Abrí un cajón del mueble del salón y saqué una pequeña caja de metal. Tenía el cierre oxidado. La coloqué sobre la mesa. Roberto esperó mientras respiraba hondo.
—Después del incidente con mi marido… cuando creí que todo iba a desmoronarse… —comencé— los hombres a los que él debía dinero siguieron buscándonos. No les bastó con su hospitalización ni con tu intervención. Querían recuperar cada centavo.
Roberto frunció el ceño.
—¿Por qué no me lo dijiste? Yo habría…
Negué con la cabeza.
—No podías arriesgar más tu carrera. Ya habías hecho demasiado. Además… ya había una amenaza más directa.
Me senté frente a él. Las palabras que llevaba reteniendo años descendieron como piedras.
—Una noche, cuando Mateo tenía apenas 15 años, dos de esos hombres entraron a nuestra casa. Yo estaba sola con él. Dijeron que si no pagábamos, se llevarían al chico. No para matarlo… sino para obligarlo a trabajar para ellos. Lo vi en sus ojos: hablaban en serio.
Roberto apretó los puños.
—¿Qué hiciste?
—Pagué —respondí.
—¿Con qué dinero? Tu marido no tenía nada.

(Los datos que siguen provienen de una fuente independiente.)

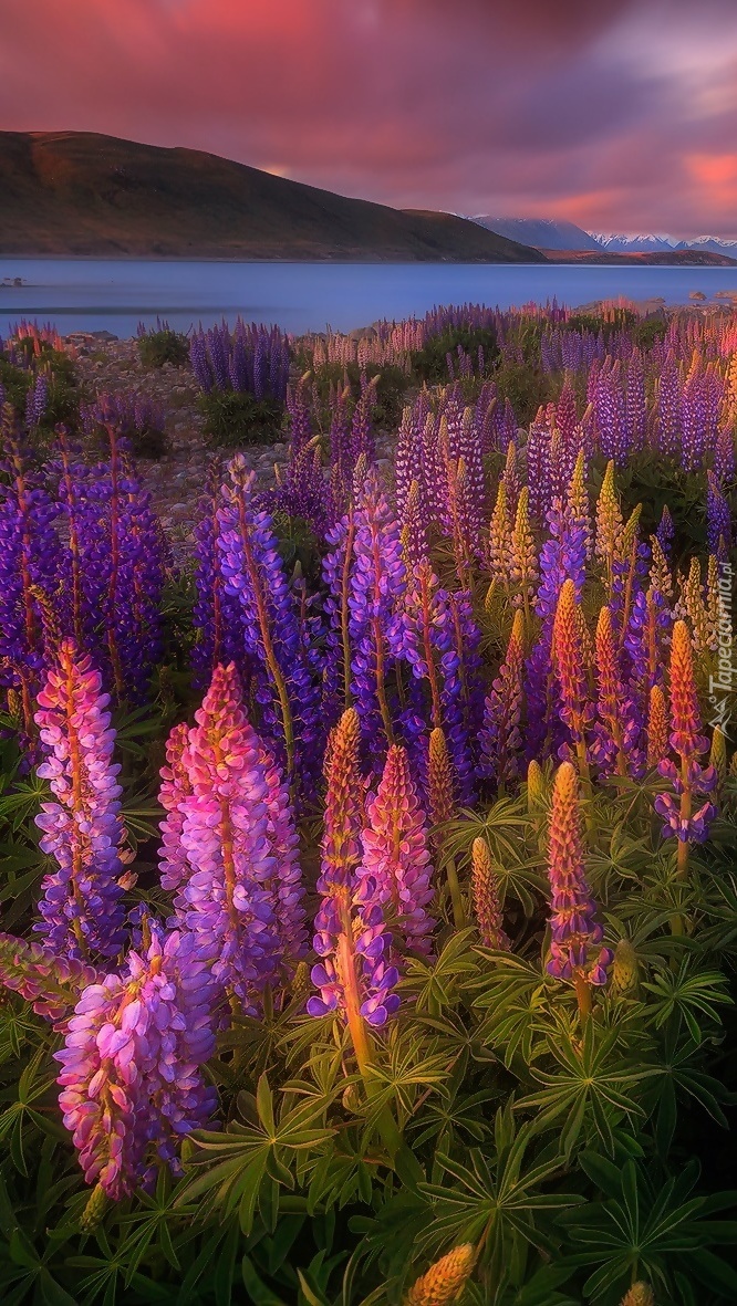 Edytor tapety: Łubinowa łąka nad jeziorem

Abrí la caja. Dentro había fajos de billetes envueltos en papel viejo.
—Con este.
Roberto se quedó helado.
—¿De dónde salió?
—Tu marido tenía dinero escondido. Parte del que había tomado ilegalmente. Nunca se lo dije a nadie. Ni siquiera cuando lo llevaste detenido al hospital aquella noche. Guardé este dinero para proteger a Mateo. Lo usé para pagar a esos hombres y prometí darles el resto en cuotas.